Predictive Analysis for Loan Default Presentation : Data Analysis Project PPTBoston Institute of Analytics
 
1:1定制(UQ毕业证)昆士兰大学毕业证成绩单修改留信学历认证原版一模一样
1:1定制(UQ毕业证)昆士兰大学毕业证成绩单修改留信学历认证原版一模一样1:1定制(UQ毕业证)昆士兰大学毕业证成绩单修改留信学历认证原版一模一样
1:1定制(UQ毕业证)昆士兰大学毕业证成绩单修改留信学历认证原版一模一样vhwb25kk
 
Predicting Salary Using Data Science: A Comprehensive Analysis.pdf
Predicting Salary Using Data Science: A Comprehensive Analysis.pdfPredicting Salary Using Data Science: A Comprehensive Analysis.pdf
Predicting Salary Using Data Science: A Comprehensive Analysis.pdfBoston Institute of Analytics
 
办美国阿肯色大学小石城分校毕业证成绩单pdf电子版制作修改#真实留信入库#永久存档#真实可查#diploma#degree
办美国阿肯色大学小石城分校毕业证成绩单pdf电子版制作修改#真实留信入库#永久存档#真实可查#diploma#degree办美国阿肯色大学小石城分校毕业证成绩单pdf电子版制作修改#真实留信入库#永久存档#真实可查#diploma#degree
办美国阿肯色大学小石城分校毕业证成绩单pdf电子版制作修改#真实留信入库#永久存档#真实可查#diploma#degreeyuu sss
 
毕业文凭制作#回国入职#diploma#degree美国加州州立大学北岭分校毕业证成绩单pdf电子版制作修改#毕业文凭制作#回国入职#diploma#de...
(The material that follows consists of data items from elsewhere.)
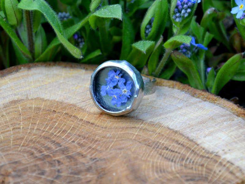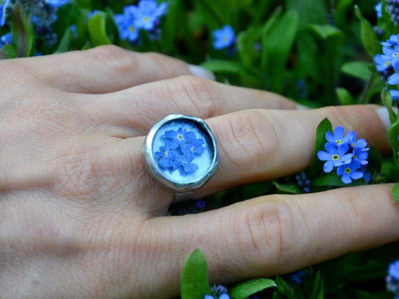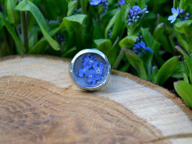 Pierścionek z zamkniętymi w szkle niezapominajkami.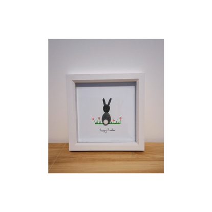 A gorgeous handcrafted picture of an easter bunny in a box frame (15x15cm) with glass ready to hang, created using local pebbles and wood.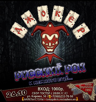 [1000 ₽] 🗎 Приглашаем в Рок-бар Треугольник, чтобы отлично провести время, вместе с группой Джокер! Программа концерта: «Русский рок и немного ещё!». Споём..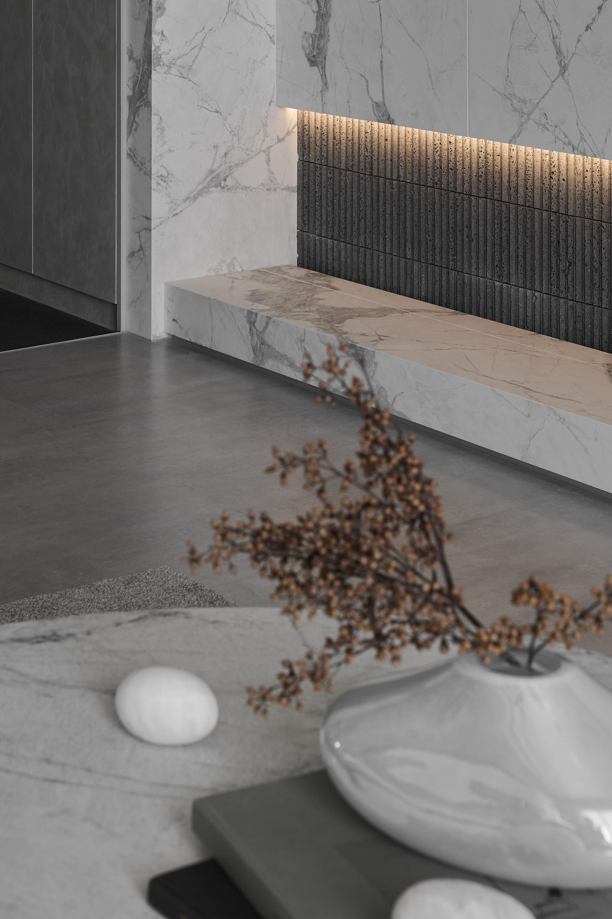 電視牆跳脫厚重印象,輕盈的白色薄板如同畫布般提亮了空間層次,上下再以帶有火山岩紋路的石條磚細膩點綴,錯落有致的排列,輕巧地展現出豐盈且富有趣味的視覺效果,每一寸細節都訴說著不凡的品味。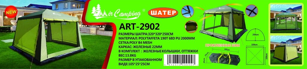 Тент-шатер с москитной сеткой 320x320x250 см, арт. 2902 Mircamping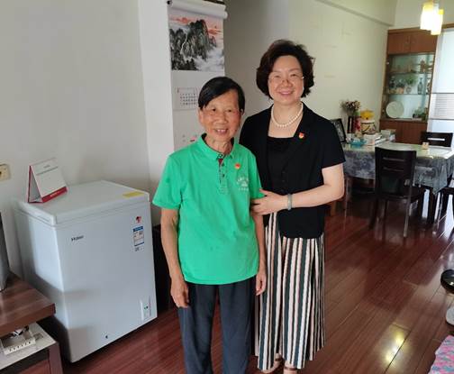 在老党员龙秀珍家中,李小红书记与她拉家常、话家事,听她讲述自己1955年进入华中工学院学习,随后留校工作并参与建筑系建设的故事。
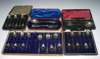 with marks for London 1840, maker's mark WE, initialled, a set of twelve Rat-Tail pattern coffee spoons with matched sugar tongs, Sheffield 1912 and 1913, contained in a fitted case, and six assorted cased sets, various dates and makers (qty)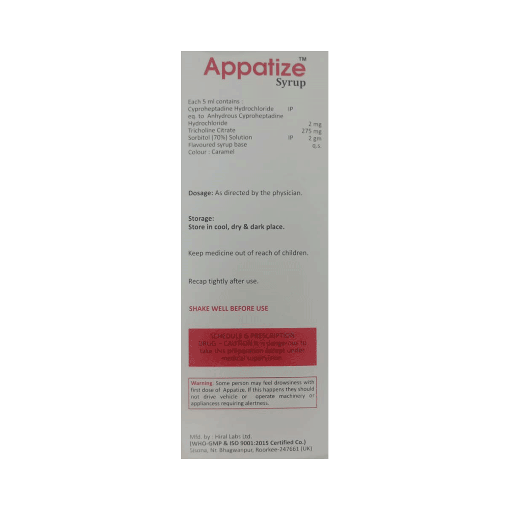 Appatize Syrup is a combination medicine used to treat loss of appetite. It is an effective appetite stimulant. It works by reducing the effect of a chemical messenger which regulates appetite. Appatize Syrup is taken with or without food in a dose and duration as advised by the doctor. The dose you are given will depend on your condition and how you respond to the medicine. You should keep taking this medicine for as long as your doctor recommends. Let your healthcare team know about all other medications you are taking as some may affect, or be affected by this medicine.The most common side effects are constipation, dryness in the mouth, and blurred vision. Most of these are temporary and usually resolve with time. Contact your doctor straight away if you are concerned about any of these. It can cause dizziness, so do not drive or do anything that requires mental focus until you know how this medicine affects you. Avoid drinking alcohol while taking this medicine as it can worsen your sleepiness.Before taking Appatize Syrup, inform your doctor if you have any kidney or liver diseases so that your doctor can prescribe a suitable dose for you. Pregnant or breastfeeding women should also consult their doctor before taking this medicine.
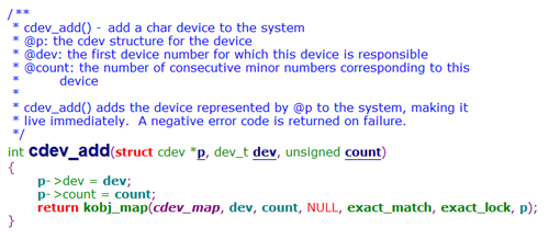 p:待添加到內(nèi)核中的字符設(shè)備結(jié)構(gòu),即為struct cdev。
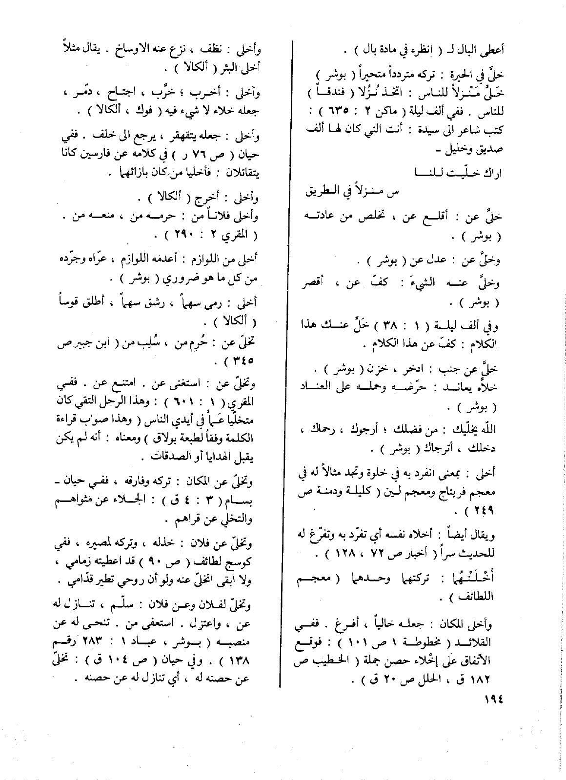 وأخلى: جعله يتقهقر، يرجع إلى خلف. ففي حيان (ص76 ر) في كلامه عن فارسين كانا يتقاتلان: فأخليا من كان بازائهما.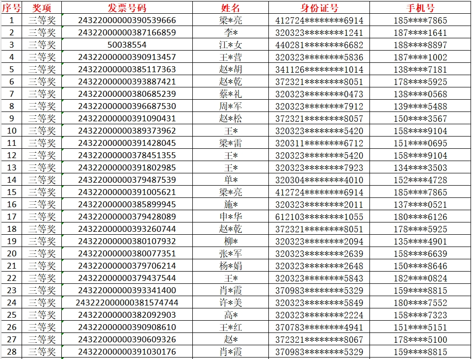2024年9月15日0:00至2024年10月31日24:00,参加活动的消费者将购物发票代码、发票号码、发票金额、姓名、身份证号、手机号在铜心圆APP进行登记;每上传一次发票,获得一次抽奖机会(同张发票不得重复登记)。分别在9月30日、10月16日、11月1日,在铜山公证处监督下进行开奖。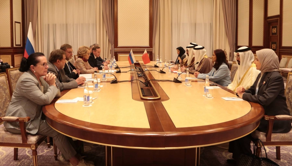 جاء ذلك خلال اجتماع مشترك بين رئيس مجلس النواب وفالنتينا ماتفيينكو، رئيسة المجلس الفيدرالي للاتحاد الروسي، وذلك على هامش مشاركة وفد الشعبة البرلمانية لمملكة البحرين في أعمال الجمعية العامة الـ 150 للاتحاد البرلماني الدولي، المنعقدة بمدينة طشقند في جمهورية أوزبكستان.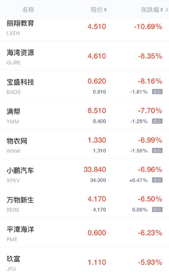 宝盛科技跌超8%,满帮跌超7%,万物新生跌超6%,亿航跌近6%,网易有道、高途跌超5%,优信跌超4%,人人公司跌近4%,新东方、凤凰新媒体、欢聚集团跌超3%,途牛跌近3%,知乎、云米科技、唯品会猎豹移动、世纪互联跌超2%,网易、一起教育、雾芯科技跌近2%,哔哩哔哩、拼多多、乐居、腾讯音乐跌超1%,虎牙跌近1%。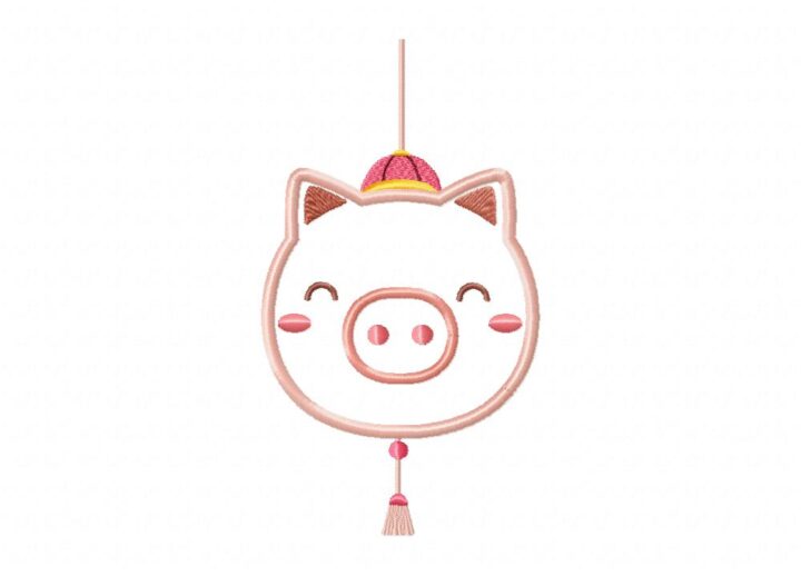 Cute Piggy Ornament Includes Both Applique and Stitch Embroidery Design
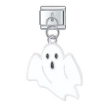 This silver Italian charm pendant features a white ghost with a sleek and elegant design, perfect for adding a sweet and mysterious touch to your bracelet. Made of high-quality stainless steel with a meticulous finish, it combines strength and delicacy for a durable and fashionable piece of jewelry. Easy to attach, it fits perfectly with our bracelets made of 17 expandable and adjustable links, suitable for all wrist sizes. Compatible with all our Italian charms, this pendant is ideal for personalizing your collection with a spooky and elegant touch.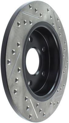 StopTech Drilled and Slotted Sport Rotors are 1-piece direct replacement brake discs for factory brake systems and stock calipers that look great behind your wheels – and offer significantly improved braking performance. The unique cross-drilling and slotting aids with heat and brake dust dispersal; prevents glazing of the pads; adds bite and improves wet and dry braking performance. Built to last; the black e-coating provides protection from corrosion and the high carbon metallurgy (in most applications) offers quieter operation; better crack resistance and increased performance.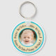 Custom Round Birthday Photo Beige & Turquoise Nyckelring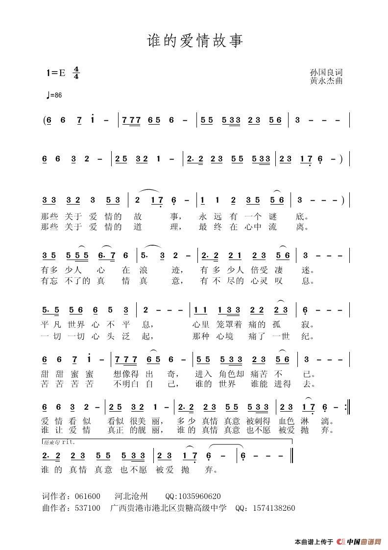 关于《谁的爱情故事》曲谱的评论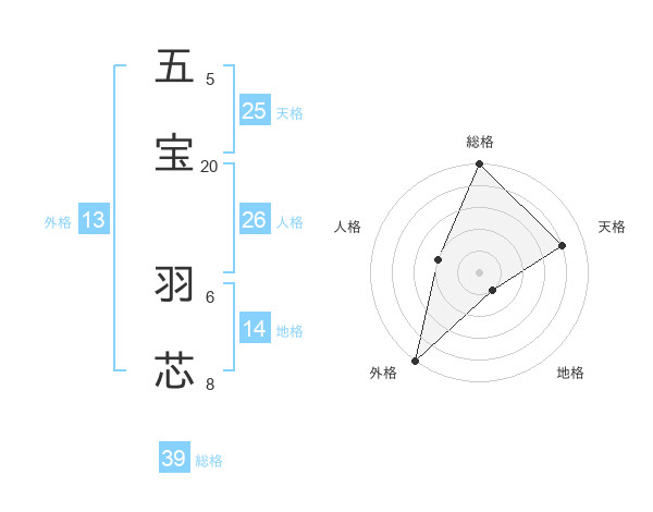 五宝 羽芯さんを姓名の画数から五運を鑑定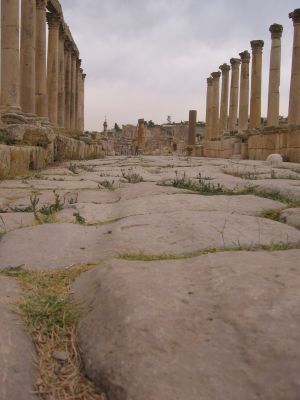 Gerasa ist eine Überraschung: Ein riesiges Areal mit Agora, Hauptstrasse und Kreuzung, Nympheum und Hippodrom. Der aktuelle Zustand lässt sehr gut erfahren, wie es damals ausgesehen haben muss - sogar die Rillen der römischen Wagen sind noch zu sehen.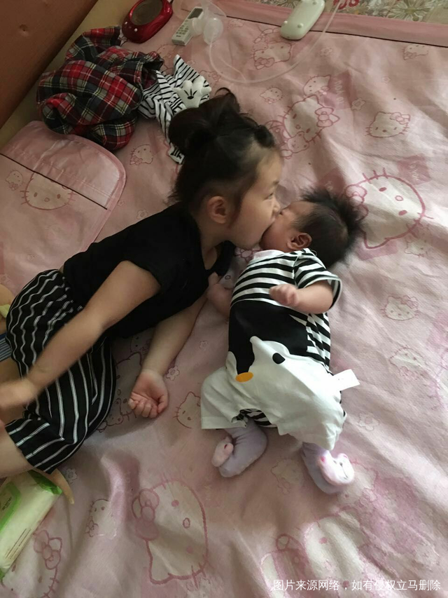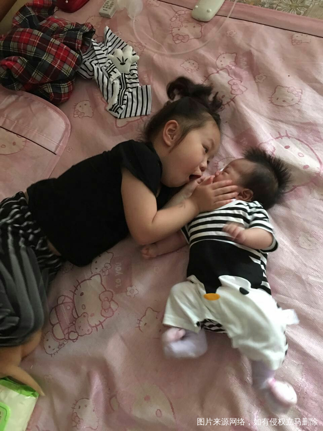 不论弟弟睡没睡着,她想亲就亲,还是张着嘴巴吸弟弟的脸,一吸把弟弟小脸吸的通红,弟弟哇的一声又哭了,接着我跟后面就追姐姐,真想收拾她啊,要么就是舌头伸出来舔弟弟的脸,要么就是小手揉弟弟脸,哎,天天都这样,特别喜欢折腾弟弟,怎么说都不听,烦躁的我就武力解决,可是每次都留着眼泪和我说,妈妈,我下次再也不干了,结果还是屡次屡犯,每次打了之后,等她熟睡的时候我就跑到小床去,搂着她,抱抱她,觉得好对不起她[呜呜]
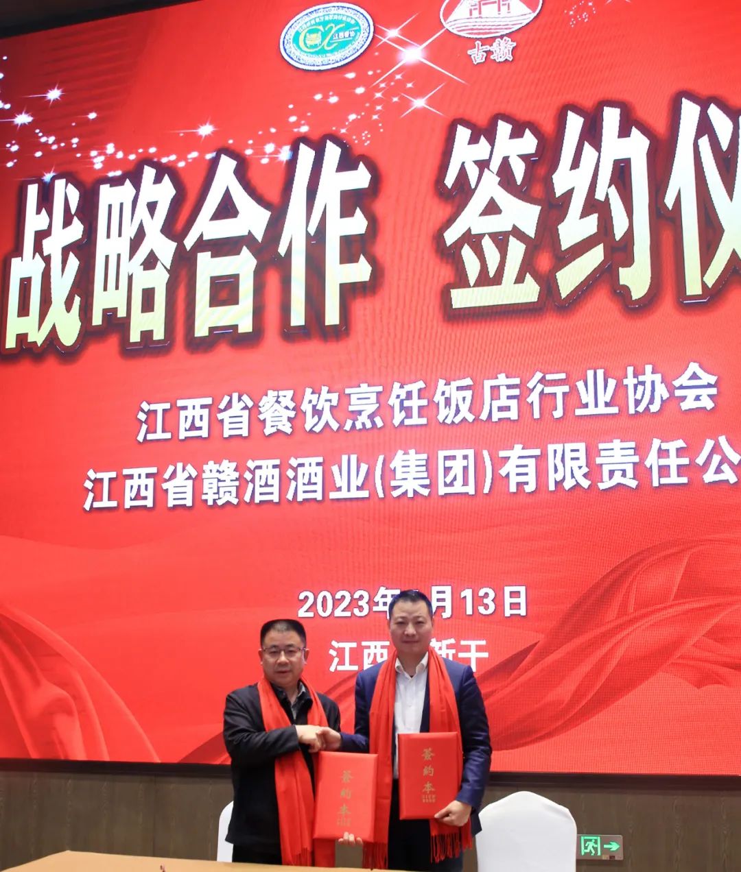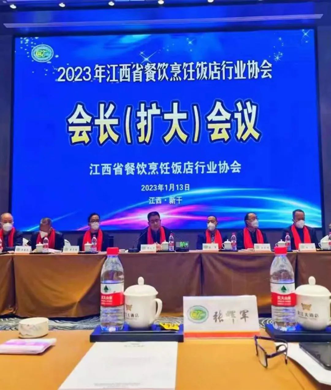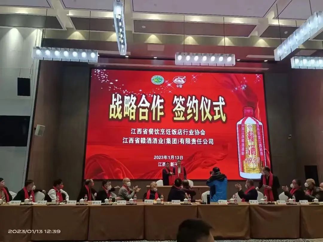 2023年1月12日-13日,2023年江西省餐饮烹饪饭店行业协会会长(扩大)会议在新干滨江大酒店隆重举办。邓火平会长等100余会员参加会议,会议承办方江西省赣酒酒业(集团)有限责任公司董事长张辉军出席会议,现场与江西省餐饮烹饪饭店行业协会签订了战略合作。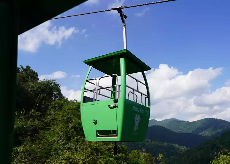 The cable car glides above the dense tropical jungle, with a sea of green beneath your feet.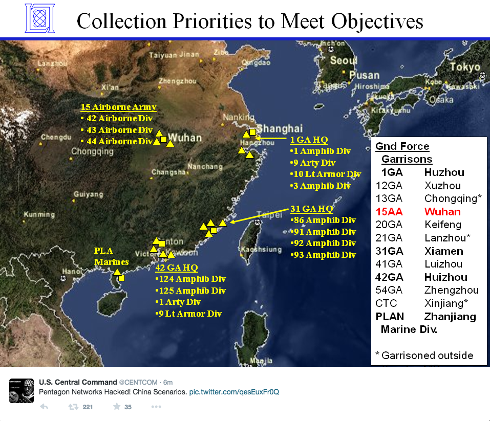 Los 'hackers' han publicado a través de la cuenta del mando mapas de instalaciones militares en China y Corea del Norte. Además, figuran datos personales de los militares estadounidenses.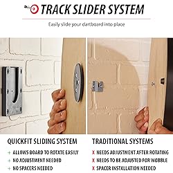 TRACK SLIDER SYSTEM - The large slider system allows you to easily slide your dartboard into place; no more trial and error when mounting your dartboard STURDY SUPPORT - The Viper QuickFit provides a secure and balanced hold on walls, cabinets, and backboards, eliminating wobble for a better darting experience UNIVERSAL COMPATIBILITY - The Viper QuickFit works with any steel tip, sisal, or “bristle” dartboard and can be mounted to any flat surface EASY SETUP & REUSABLE - Simply attach the track to your wall, and the slider to your dartboard for a perfect mount in minutes PACKAGE INCLUDES - one QuickFit dartboard mounting bracket, Pro Line oche measuring tape, screws needed for proper installation, and mounting instructions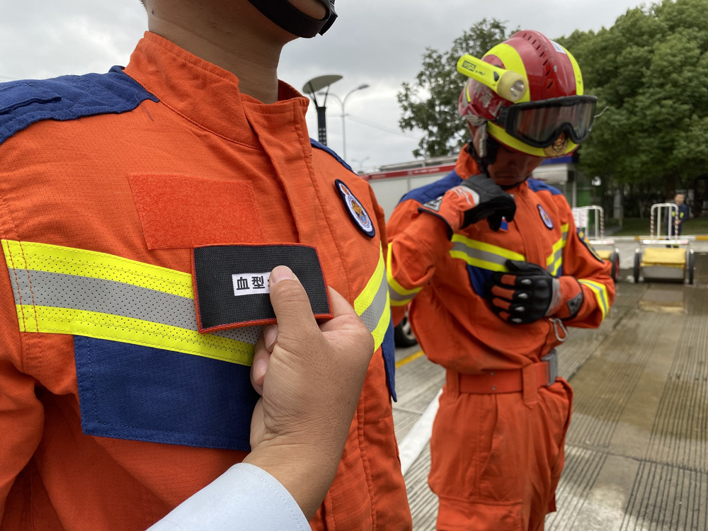新虹特勤站每个消防员的战斗服上都有一个铭牌,除了填写姓名和部门职位外,还需要填写血型。本报记者 俞凯 摄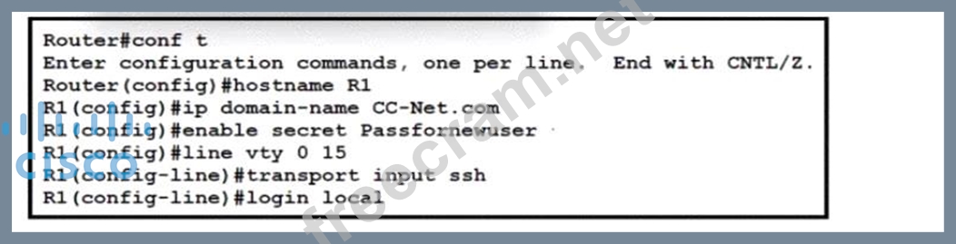 Refer to the exhibit. A network administrator is configuring a router for user access via SSH. The service- password encryption command has been issued. The configuration must meet these requirements: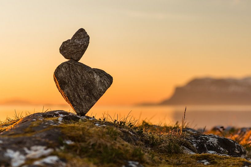 Steinherzen im Sonnenuntergang am Lavangsfjord, nördlich Steinsland, Norwegen
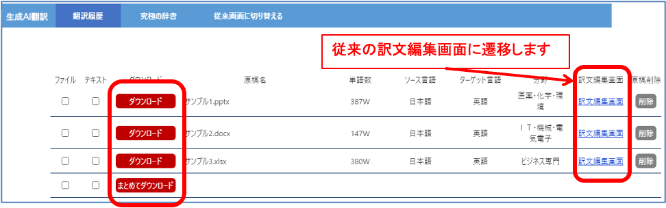 シンプル画面の[翻訳履歴]からも、翻訳結果のダウンロードと訳文編集画面への遷移が可能です。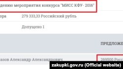 По данным российского портала госзакупок, в прошлом году Попазов освоил 269,5 тысячи рублей на оказании услуг по техническому обеспечению конкурса «Мисс КФУ», разработке сценария, визуальному и рекламному сопровождению.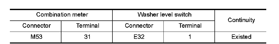 3.Check continuity between combination meter harness connector terminal and washer level switch harness connector terminal.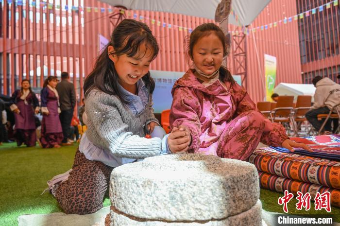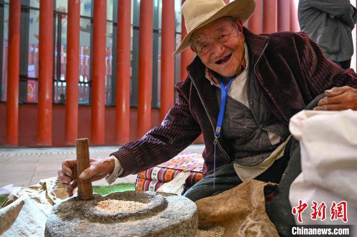 圖為市民體驗(yàn)手工磨糌粑。貢確 攝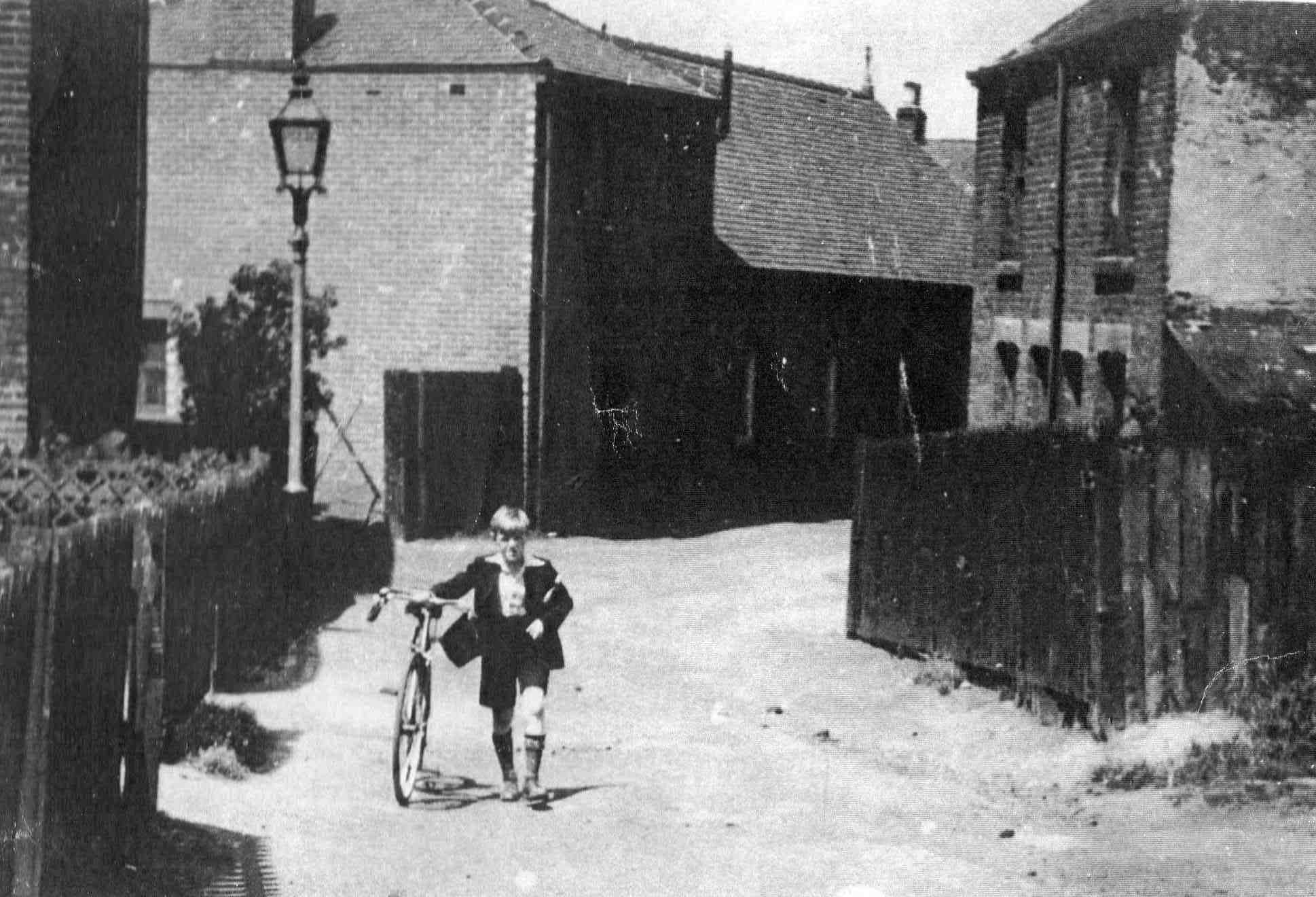 Chapel Street. Mr Bailey the Blacksmith’s house on left. Primitive Methodist Church built in 1876 in centre. Jimmy Hoskins with his bicycle. Photo courtesy of Mary

毕业文凭制作#回国入职#diploma#degree美国加州州立大学北岭分校毕业证成绩单pdf电子版制作修改#毕业文凭制作#回国入职#diploma#de...毕业文凭制作#回国入职#diploma#degree美国加州州立大学北岭分校毕业证成绩单pdf电子版制作修改#毕业文凭制作#回国入职#diploma#de...
毕业文凭制作#回国入职#diploma#degree美国加州州立大学北岭分校毕业证成绩单pdf电子版制作修改#毕业文凭制作#回国入职#diploma#de...ttt fff
 
FAIR, FAIRsharing, FAIR Cookbook and ELIXIR - Sansone SA - Boston 2024
FAIR, FAIRsharing, FAIR Cookbook and ELIXIR - Sansone SA - Boston 2024FAIR, FAIRsharing, FAIR Cookbook and ELIXIR - Sansone SA - Boston 2024
FAIR, FAIRsharing, FAIR Cookbook and ELIXIR - Sansone SA - Boston 2024Susanna-Assunta Sansone
 
办理学位证加利福尼亚大学洛杉矶分校毕业证,UCLA成绩单原版一比一
办理学位证加利福尼亚大学洛杉矶分校毕业证,UCLA成绩单原版一比一办理学位证加利福尼亚大学洛杉矶分校毕业证,UCLA成绩单原版一比一
办理学位证加利福尼亚大学洛杉矶分校毕业证,UCLA成绩单原版一比一F sss
 
INTERNSHIP ON PURBASHA COMPOSITE TEX LTD
INTERNSHIP ON PURBASHA COMPOSITE TEX LTDINTERNSHIP ON PURBASHA COMPOSITE TEX LTD
INTERNSHIP ON PURBASHA COMPOSITE TEX LTDRafezzaman
 
Identifying Appropriate Test Statistics Involving Population Mean
Identifying Appropriate Test Statistics Involving Population MeanIdentifying Appropriate Test Statistics Involving Population Mean
Identifying Appropriate Test Statistics Involving Population MeanMYRABACSAFRA2
 
GA4 Without Cookies [Measure Camp AMS]
GA4 Without Cookies [Measure Camp AMS]GA4 Without Cookies [Measure Camp AMS]
GA4 Without Cookies [Measure Camp AMS]📊 Markus Baersch
 
Learn How Data Science Changes Our World
Learn How Data Science Changes Our WorldLearn How Data Science Changes Our World
Learn How Data Science Changes Our WorldEduminds Learning
 
Consent & Privacy Signals on Google *Pixels* - MeasureCamp Amsterdam 2024
Consent & Privacy Signals on Google *Pixels* - MeasureCamp Amsterdam 2024Consent & Privacy Signals on Google *Pixels* - MeasureCamp Amsterdam 2024
Consent & Privacy Signals on Google *Pixels* - MeasureCamp Amsterdam 2024thyngster
 
Student profile product demonstration on grades, ability, well-being and mind...
Student profile product demonstration on grades, ability, well-being and mind...Student profile product demonstration on grades, ability, well-being and mind...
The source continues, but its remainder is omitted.